Extended Data Fig. 3: A photoactivatable affinity probe-based approach identifies PGK1 as the relevant cellular target of CBR-470-1.

a, Structure of CBR-470-PAP. b, Relative ARE-LUC luminance values from IMR32 cells transfected with pTI-ARE-LUC and then treated with the indicated doses of CBR-470-PAP for 24 h (n = 3). c, Silver staining and anti-biotin western blots of ammonium sulfate fractionated lysates from UV-irradiated IMR32 cells treated with 5 μM for 1 h with or without CBR-470-1 competition (250 μM) (n = 3). Shown on the right are initial proteomic target results from gel-band digestion and LC–MS/MS analysis. d, Anti-biotin western blots from in vitro crosslinking assays with recombinant PGK1 and EBP1 in the presence of the indicated doses of CBR-470-PAP (n = 2). e, Anti-biotin western blot analyses from an in vitro crosslinking assay with recombinant PGK1 in the presence of CBR-470-PAP (1 μM) and indicated concentration of soluble CBR-470-1 competitor (n = 2). f, Anti-biotin western blot analyses of cells treated with 5 μM CBR-470-PAP after transduction with anti-PGK1 and anti-EBP1 shRNA for 48 h. Depletion of PGK1 protein selectively reduces CBR-470-PAP-dependent labelling (n = 2). g, Dye-based thermal denaturation assay with recombinant PGK1 in the presence CBR-470-1 (20 μM) or vehicle alone (n = 3).

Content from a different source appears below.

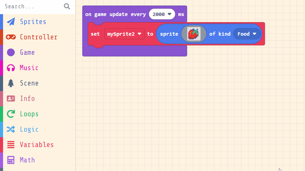 set block.move blockNext let's create some fruit that we need to collect. Every 2 seconds a new strawberry will be created somewhere along the top of the screen (we will program it to fall in the next step).

Calculated melting temperature (T_m) values are listed. h, i, Dose-dependent thermal stability assay of recombinant PGK1 and GAPDH in the presence of increasing doses of CBR-470-1 near the T_m of both proteins (57 °C) (n = 5) (h) or room temperature (n = 3) (i). Western blot of sample supernatants after centrifugation (13,000 r.p.m.) detected total PGK1 and GAPDH protein, which were plotted in Prism (below). j, ARE-LUC reporter activity in HEK293T cells with transient shRNA knockdown of ENO1 (n = 3). Data are mean ± s.e.m. of biologically independent samples.